Por fim, há um conflito entre os objectivos de representação pública e os objectivos artísticos ou pedagógicos. As comissões administrativas, geralmente compostas por membros seniores da comunidade, colocam frequentemente a visibilidade mediática e a presença em cerimónias acima da qualidade musical ou da inovação educativa.

“Querem que pareça arte, mas não se preocupam em fazer arte.” – Harry
“O objectivo não é melhorar a banda, é que apareça no jornal local.” – Costas

Este conflito gera frustração entre músicos que querem crescer artisticamente e encontram resistência por parte da liderança institucional.




Maestros vs. Direcção: Tensões de liderança artística



Apesar de não serem frequentemente discutidos em público, os conflitos entre os maestros e os directores das bandas surgem como uma camada adicional de tensão.

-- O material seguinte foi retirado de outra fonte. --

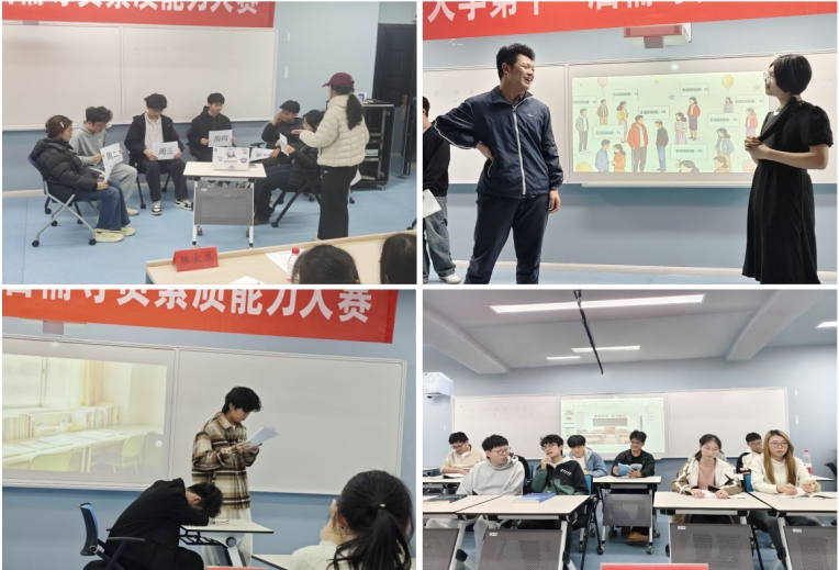 4月14日晚,bv伟德国际1946在三山楼704教室举办2026年“心沐暖阳 逐梦远航”心理情景剧比赛。学院关工委老教师王文初,辅导员武启慧、朱江涛、李健应邀担任评委。经过前期初赛筛选,共有六支队伍晋级决赛。伴随主持人开场致辞,比赛正式拉开帷幕。

Muitas vezes, os regentes são músicos mais jovens ou formados noutras cidades, com ideias inovadoras sobre pedagogia, programação e dinâmica ensaística. No entanto, encontram-se limitados pela vontade conservadora da direcção.


“Há discussões entre os regentes e a direcção. Os regentes querem fazer coisas novas, mas os directores dizem que não é o momento.” – Maria
“Quando o maestro sugeriu tocar uma peça diferente, disseram-lhe que o público não ia gostar.” – Harry

Estes episódios ilustram um tipo de conflito onde o poder simbólico e logístico se sobrepõe à liderança musical, afectando directamente o crescimento artístico da banda.



Tecnologia e tradição: quando o futuro é mal-vindo


Outro foco emergente de tensão prende-se com o uso de novas tecnologias e métodos digitais.

Músicos mais jovens, habituados a usar software como Finale ou MuseScore, ou a aprender com vídeos e gravações online, sentem-se limitados pelo conservadorismo técnico das bandas.


“Sugeri gravarmos os ensaios para podermos corrigir os erros, mas disseram-me que não era necessário.” – Costas
“Falei de usarmos o Finale para reescrever as partituras antigas, mas disseram-me que era melhor manter como está.” – Elli

Esta resistência à tecnologia decorre muitas vezes de um receio simbólico: perder o vínculo com a tradição oral, com os manuscritos históricos, com a transmissão directa de músico para músico. No entanto, revela também a necessidade urgente de integrar ferramentas que potenciem a qualidade e eficiência do trabalho musical.


Estes conflitos não significam que as bandas estejam em crise — pelo contrário, a sua vitalidade reside também na gestão dessas tensões.

No entanto, apontam para a necessidade de criar espaços de diálogo intergeracional, de repensar métodos de ensino, de diversificar o repertório e de clarificar as prioridades educativas. Só assim será possível preservar o património sem o cristalizar, e formar músicos sem os formatar.


Referência:

Dionyssiou, Z. (2011). Music-learning and the formation of local identity through the Philharmonic Society Wind Bands of Corfu. In L. Green (Ed.), Learning, Teaching, and Musical Identity: Voices Across Cultures (pp. 145–156). Bloomington: Indiana University Press.